I’ve thought many times that speech about progress assumes that society can get better, that we know what better is, and that history guides us in that direction if we don’t fight it. And I think progress can assume those things sometimes, but it just occurred to me that maybe there’s a more basic version.
Progress might just start out by assuming the impossibility of moving backwards; someone like Chesterton represents the conservative/romantic/classicist approach when he says something about how actually you literally can turn a clock back, and when the clock is wrong that’s the only sensible thing to do. The progressive instead holds the really plausible view that who we are now precludes us from living entirely like people of past ages. We can’t forget, unlearn, rehabilitate to that degree, not as individuals and certainly not as societies.
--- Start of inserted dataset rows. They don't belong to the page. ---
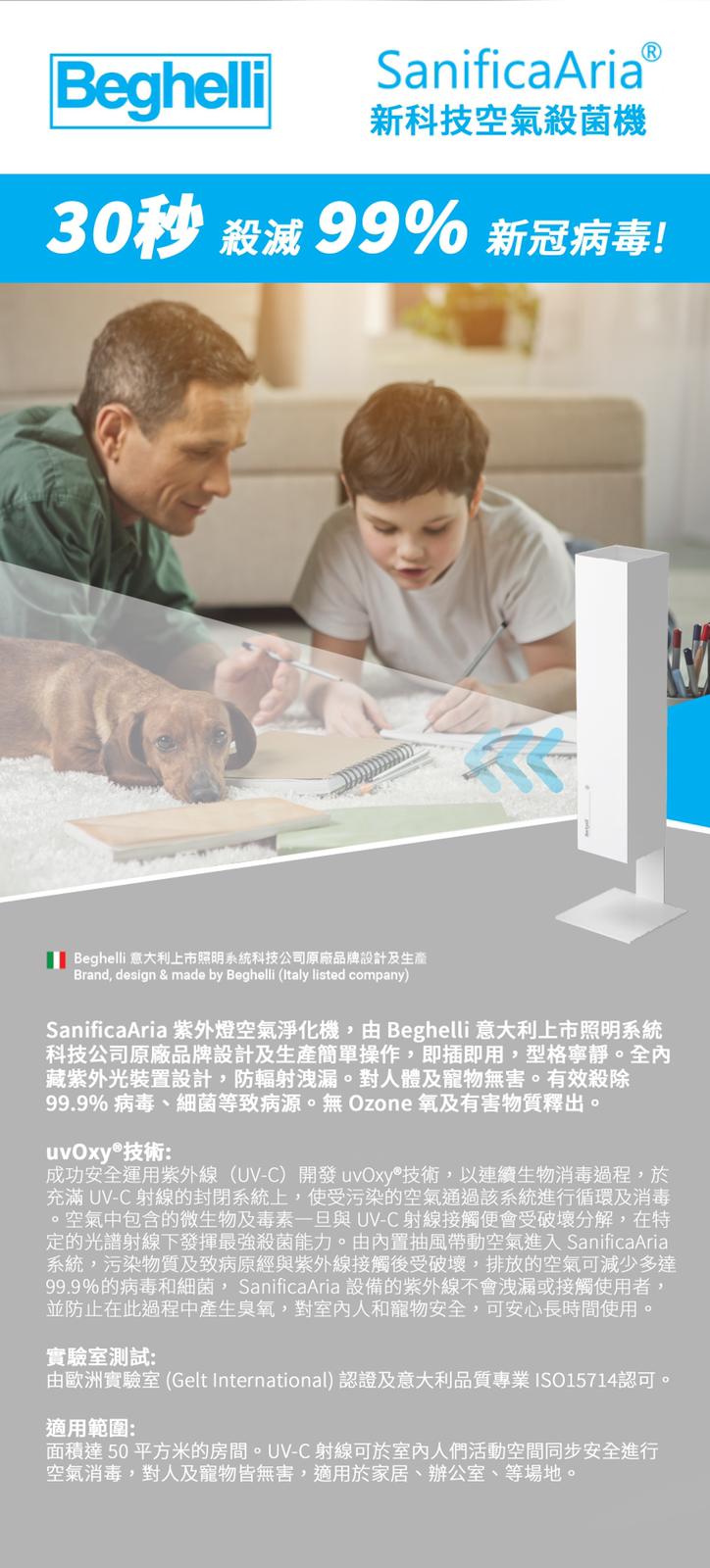 SanificaAria #空氣消毒殺菌機 #空氣淨化 #消毒 #殺菌 #意大利 #無輻射 #無臭氧 #UV燈 #紫外線 #學校 #醫院 #酒店 #辦公室 #商店 #家居 #ISO認可 #UVC
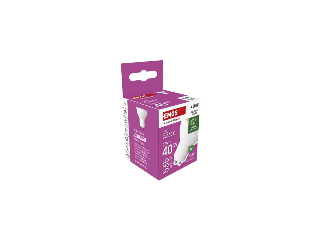 farba svetla: neutrálna biela|energetická trieda: A|index podania farieb (CRI): 80|kompatibilita: neuvádza sa|náhrada za žiarovku: 40 W|napätie: 230 V~/50 Hz|notifikácia do mobilnej aplikácie: neuvádza sa|ovládanie hlasovými asistentmi: neuvádza sa|pätica:| neuvádza sa|počet spínacích cyklov: 30 000|podporované OS: neuvádza sa|prenosová frekvencia: neuvádza sa|príkon: 3 W|predajný obal: 1 ks, krabička|protokol: neuvádza sa|rad: CLASSIC|rozmer: 50 × 50 × 5 210 lm/W|svetelný tok: 535 lm|technológia: LED|teplota chromatičnosti: 4 000 K|tvar: MR16|typ čipov: SMD|účinník: 0,54|uhol vyžarovania: 100°|záručná doba: 5 rokov|Dodatočné parametre
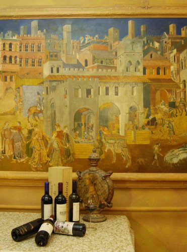 L'enoteca, posta nel sotterraneo, consente abbinamenti ottimali con i migliori vini della Toscana (notevoli alcune selezioni locali), d'Italia e del mondo.
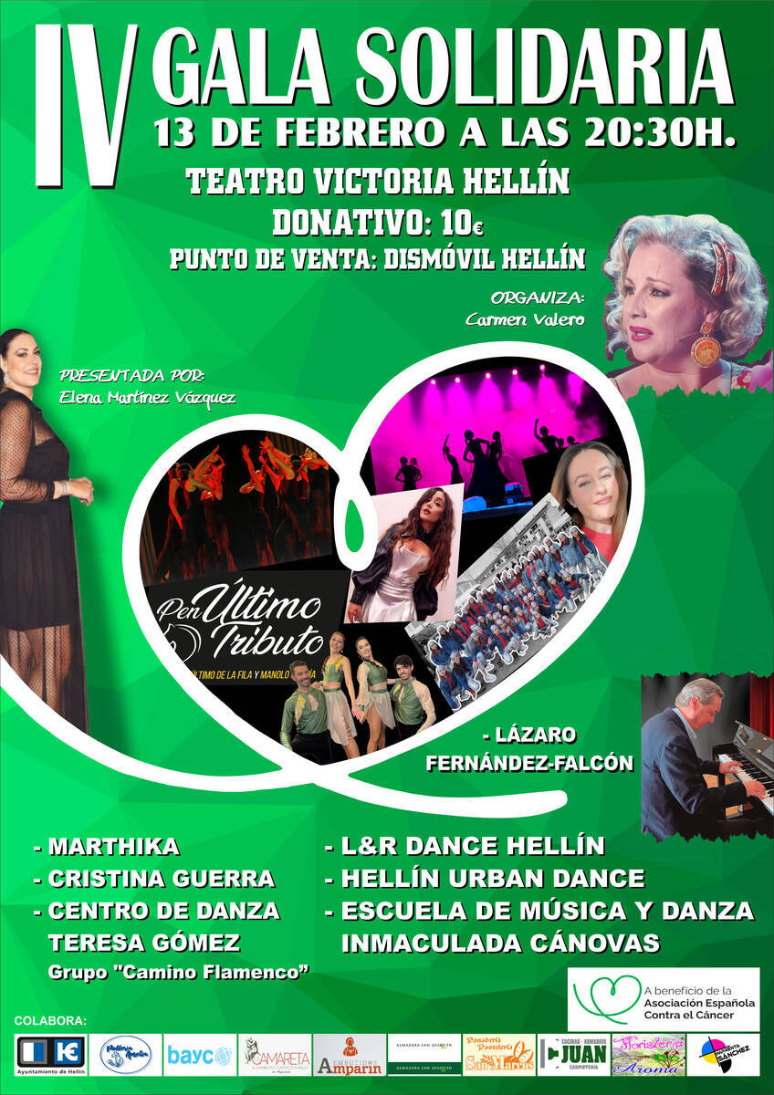La gala, organizada por la cantante Carmen Valero y conducida por la comunicadora de TV Hellín, Elena Martínez, ofrecerá una variada muestra artística con participantes como Marthika, Cristina Guerra, el Grupo Flamenco del Centro de Danza Teresa Gómez, L&R Dance Hellín, Hellín Urban Dance, la Escuela de Música y Danza Inmaculada Cánovas y el pianista Lázaro Fernández-Falcón, quienes compartirán escenario con El Penúltimo Tributo.
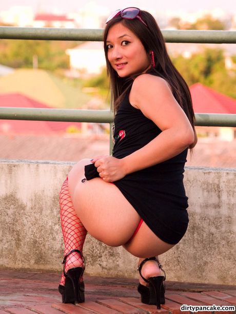 Pancake: Dirty Pancake flashes her half Asian pussy outside
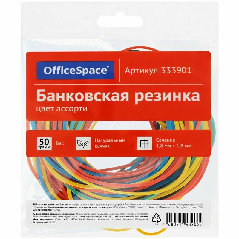 10 цен на Банковская резинка 50 г OfficeSpace, диаметр 60 мм, цвет ассорти
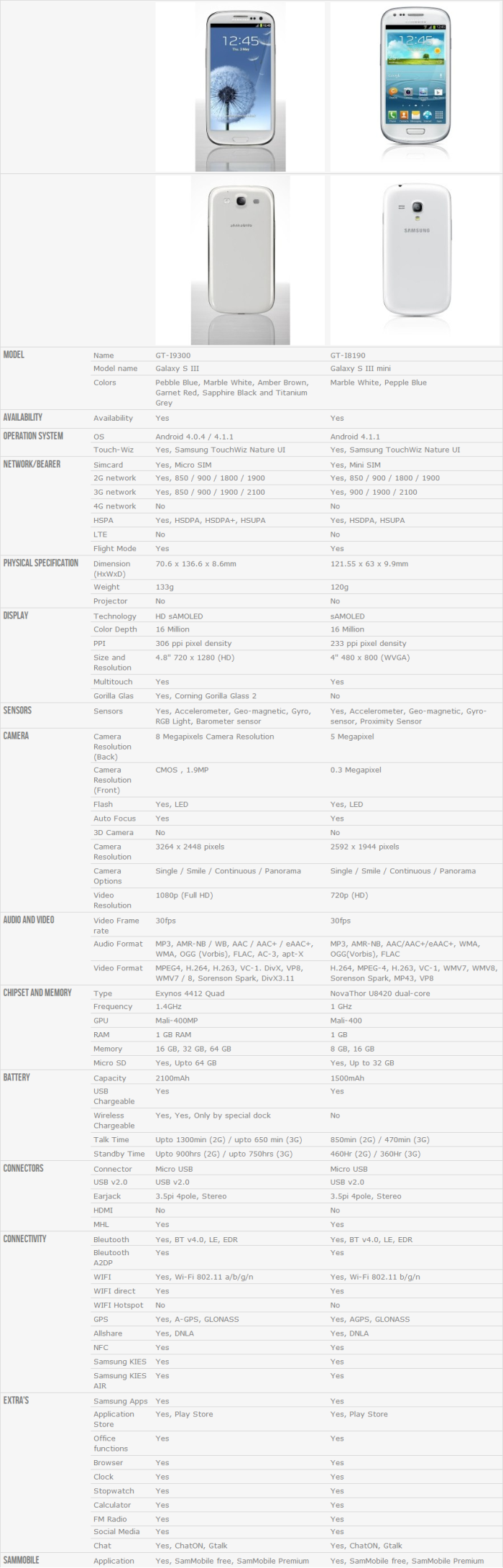 Also we compared the specification directly with those of the Galaxy S III. Please take it into account that the Galaxy S III mini 150 euros cheaper than the Galaxy S III itself.
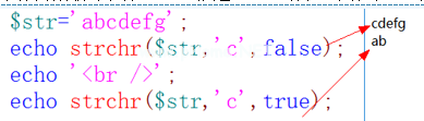 函数:截取某个字符的语法:strr的第三个参数($ str,char [,boolean])表示strr截取的字符是字符串的右半部分还是左半部分。默认值为false,表示右边部分,保留截取的字符。如果修改为true,表示截取左边部分,不保留截取的字符。Strstr是strrr的另一个名字。区分大小写。
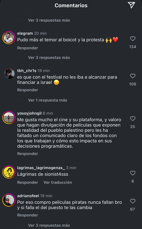 Algunos usuarios están expresando su descontento y boicot a MUBI debido a la conexión de Sequoia con la industria tecnológica-militar israelí y la situación en Palestina.
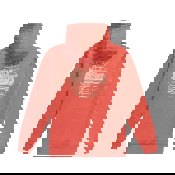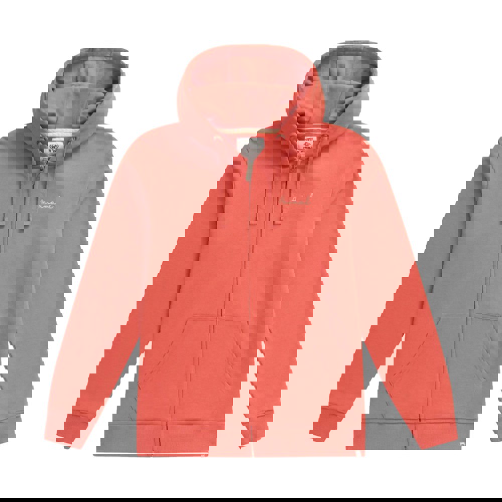 This full zip hoodie is made from organic cotton with added elastane. It comes in burnt orange and is finished with a back print combining graphic and text elements, including a mountain motif. A grown on hood with drawcord adds a practical finish, while the hooded neckline keeps the look classic and casual.
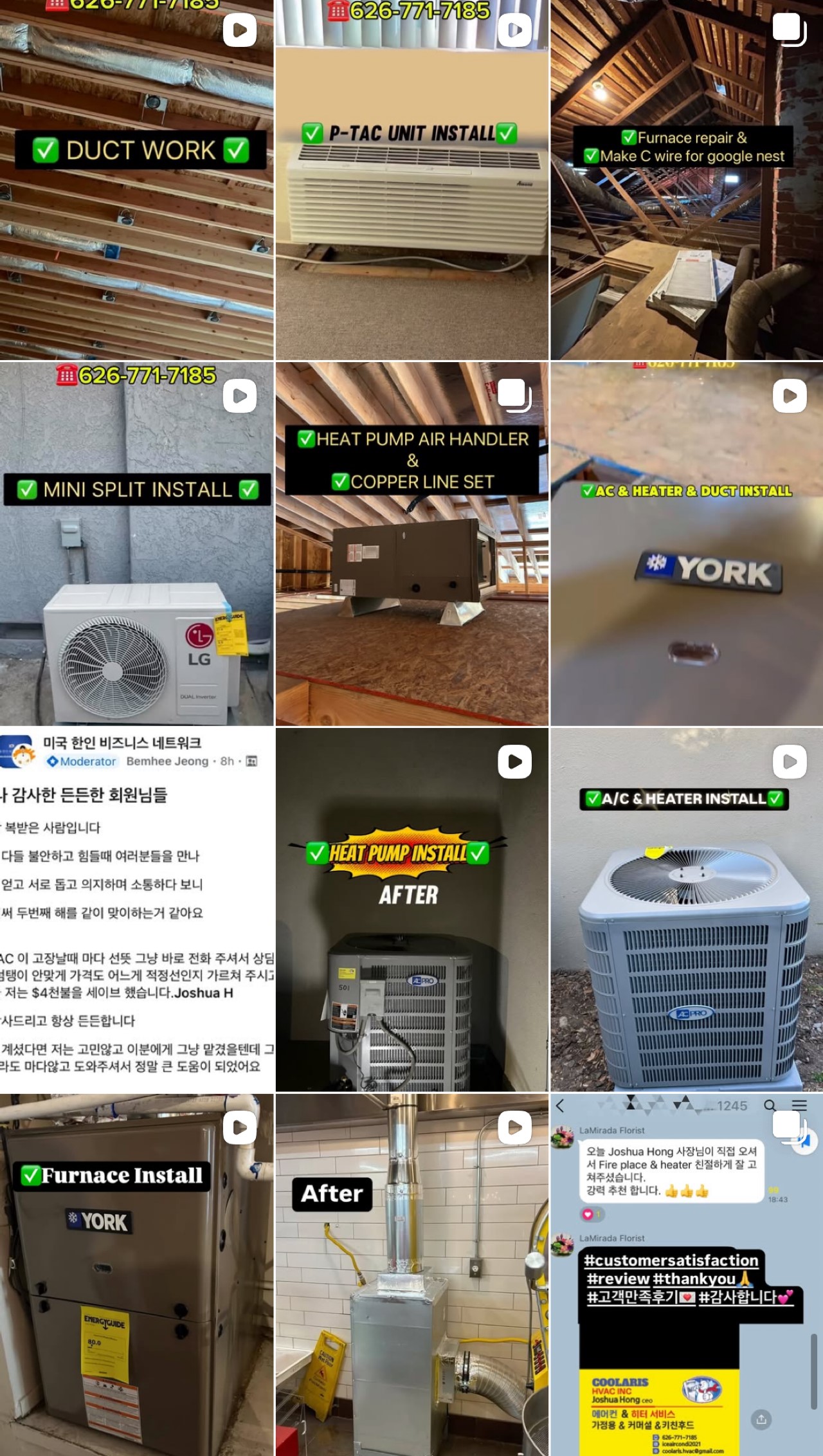 https://www.instagram.com/coolaris.hvac (더 많은 실제 작업 사진과 영상, 고객님들 만족 리뷰를 확인 하실 수 있습니다.)
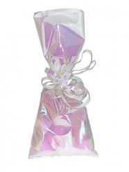 Embalagem com 10 sacos brinde iridescentes com um atilho para fechar.
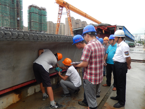 本次检查主要为工程质量检查,省交通厅质监局检查组委托台州质监站检测公司对项目各个标段的钢筋、水泥、地材等原材料进行抽样检查,同时对已完成的实体工程进行钢筋保护层厚度、强度、垂直度等数据的实体检测。周建强副处长还先后检查了本工程各标段的钢筋加工场、工地试验室、拌合站、梁板预制场等,对本项目的标准化建设和管理给予赞扬,对项目各标段的试验建设及试验检测工作表示肯定。
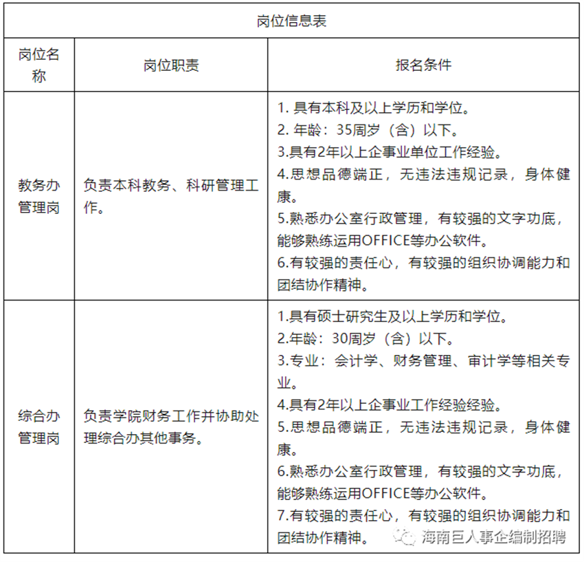 (三)具体岗位职责、报名条件要求详见《岗位信息表》
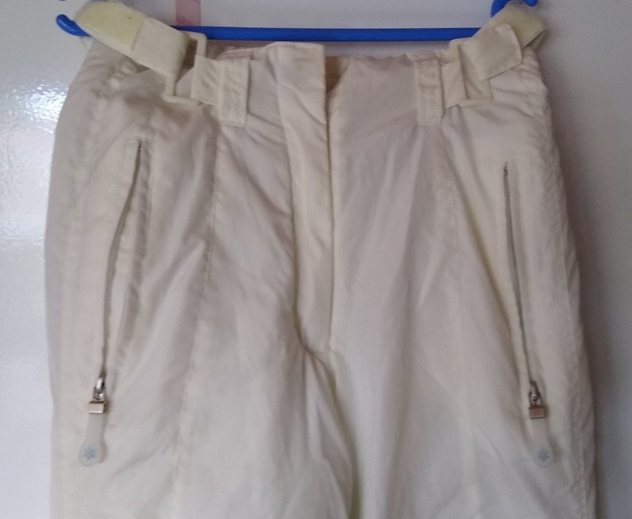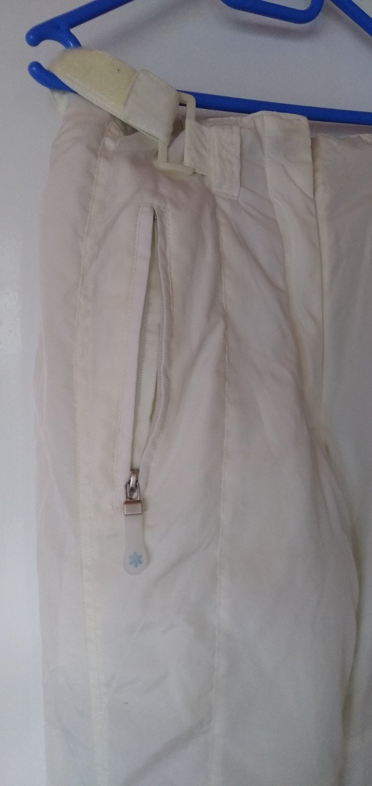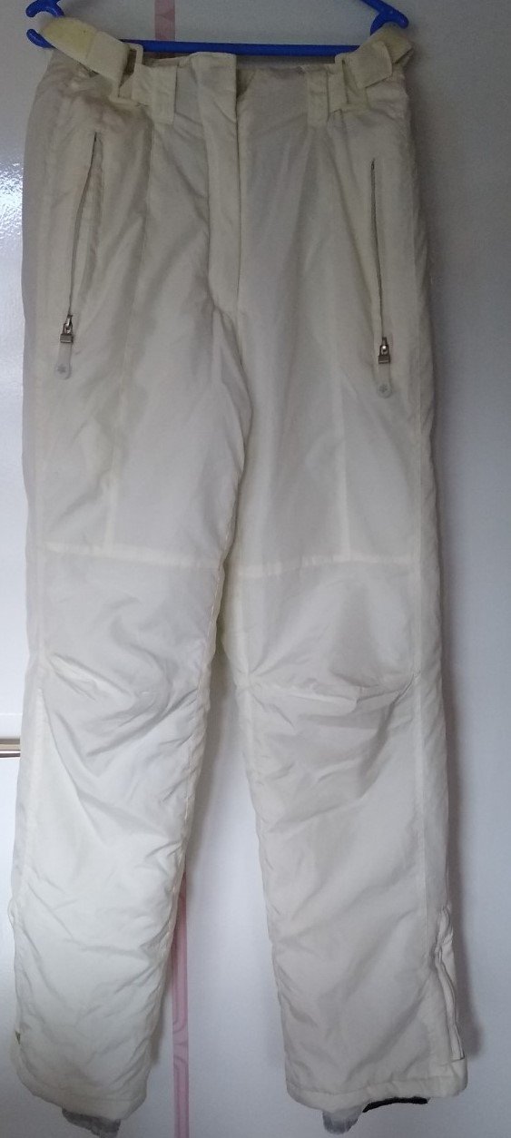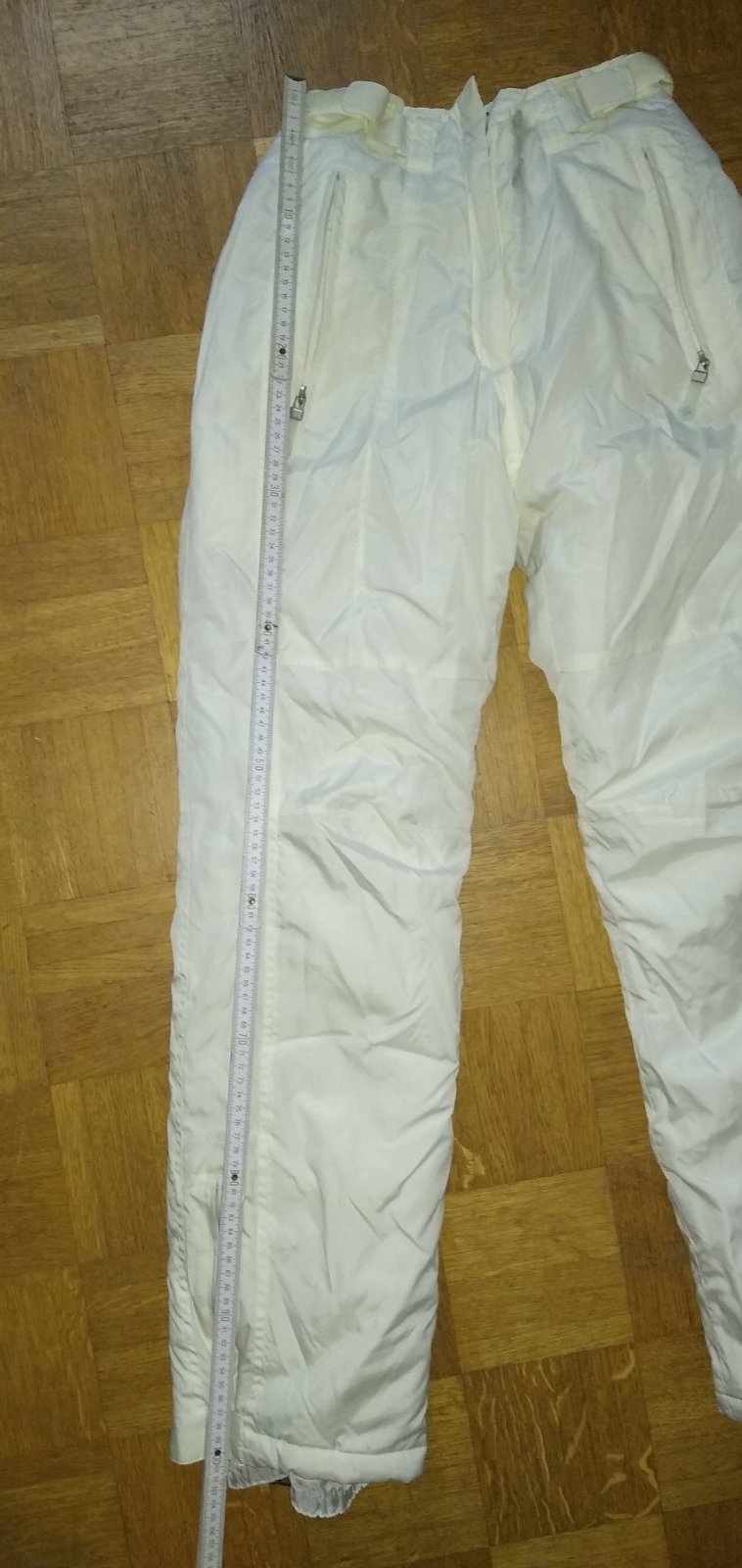 Ich verkaufe hier eine Skihose in der Größe XS/ 34 in gedeckten weiß. Die Skijacke ist vorwiegend rosa, Größe 164 (ich habe beides für mich gekauft. Da ich meistens die Größe 32 und 34 trage, passt mir die 164 auch).
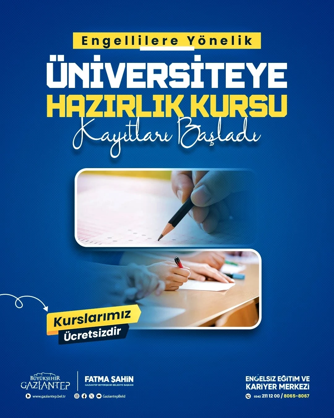Gaziantep Büyükşehir Belediyesi Engelsiz Eğitim ve Kariyer Merkezi’nde engellilere yönelik ücretsiz üniversite hazırlık kursu kayıtları başladı. Başvuru yapmak isteyenler, 0342 211 12 00 / 8065-8067 numaralı telefondan kayıt yaptırabiliyor.
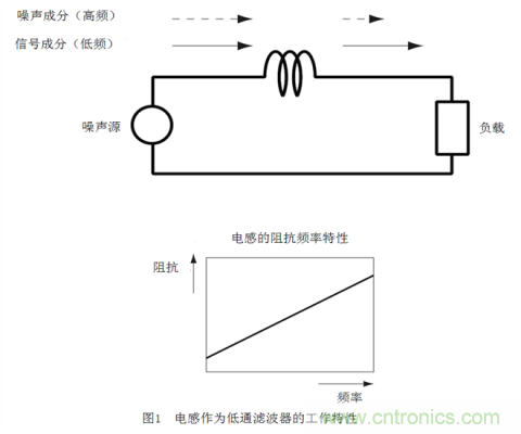 因此,如果將電感串聯(lián)插入噪聲通道,頻率較低的信號成分將容易通過,頻率較高的噪聲成分將不易通過。

Given that we can’t go backward, attempts to do so are misguided, pointless, and possibly dangerous. Thus regression is bad, not because progress is good but because anything else is impossible. If we try to do what’s impossible, we only harm ourselves and those around us. Better to limit ourselves to seeking to act within the realm of the possible.
That makes a lot of sense to me. It leaves me wondering though, about how often movement forward has been influenced by or even stimulated by failed attempts to return to a past glory. Maybe there’s room for a progressive case for regressive thinking.
And even without such a case, there are cracks. There are people like Chesterton who don’t agree that return is impossible.
Maybe others are agnostic about the possibility of return, but also lack faith the beneficence of the tendency of history and so feel it’s worth it to attempt a return.
Maybe others think that a return is positively impossible but still think that fighting for a return is preferable to passively accepting the direction things are headed.